A train covers a distance of 90 km at a uniform speed. Had the speed been 15 km/hour more, it would have taken 30 minutes less for the journey. Find the original speed of the train.

Given:

A train covers a distance of 90 km at a uniform speed. Had the speed been 15 km/hour more, it would have taken 30 minutes less for the journey.

To do:

We have to find the original speed of the train.  

Solution:

Let the original speed of the train be $x$ km/hr.

This implies,

Time taken by the train to travel 90 km at original speed$=\frac{90}{x}$ hours

Time taken by the train to travel 90 km when the speed is 15 km/hr more than the original speed$=\frac{90}{x+15}$ hours

$30$ minutes in hours$=\frac{30}{60}$ hours.    (since 1 hour = 60 minutes)
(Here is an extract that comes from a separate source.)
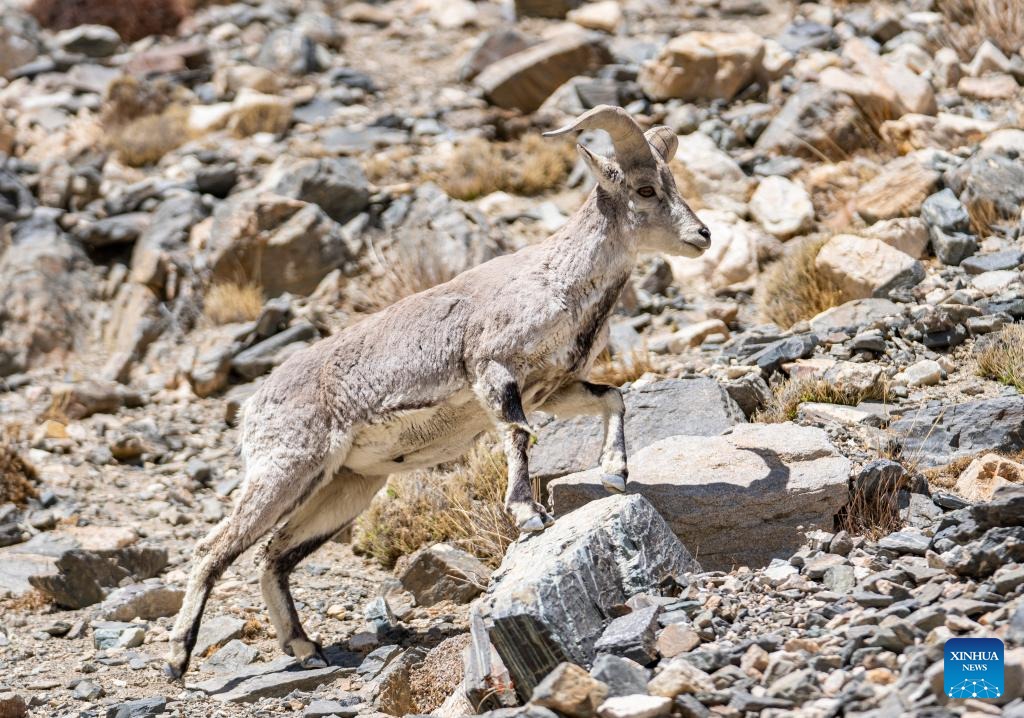 This photo taken on May 20, 2023 shows a blue sheep in Qomolangma National Nature Reserve, southwest China's Tibet Autonomous Region.?(Xinhua/Sun Fei)

According to the question,

$\frac{90}{x}-\frac{90}{x+15}=\frac{30}{60}$

$\frac{90(x+15)-90(x)}{(x)(x+15)}=\frac{30\times1}{30\times2}$

$\frac{90(x+15-x)}{x^2+15x}=\frac{1}{2}$

$2(90)(15)=1(x^2+15x)$   (On cross multiplication)

$30(90)=x^2+15x$

$x^2+15x-2700=0$

Solving for $x$ by factorization method, we get,

$x^2+60x-45x-2700=0$

$x(x+60)-45(x+60)=0$

$(x+60)(x-45)=0$

$x+60=0$ or $x-45=0$

$x=-60$ or $x=45$

Speed cannot be negative. Therefore, the value of $x$ is $45$ km/hr.

The original speed of the train is $45$ km/hr.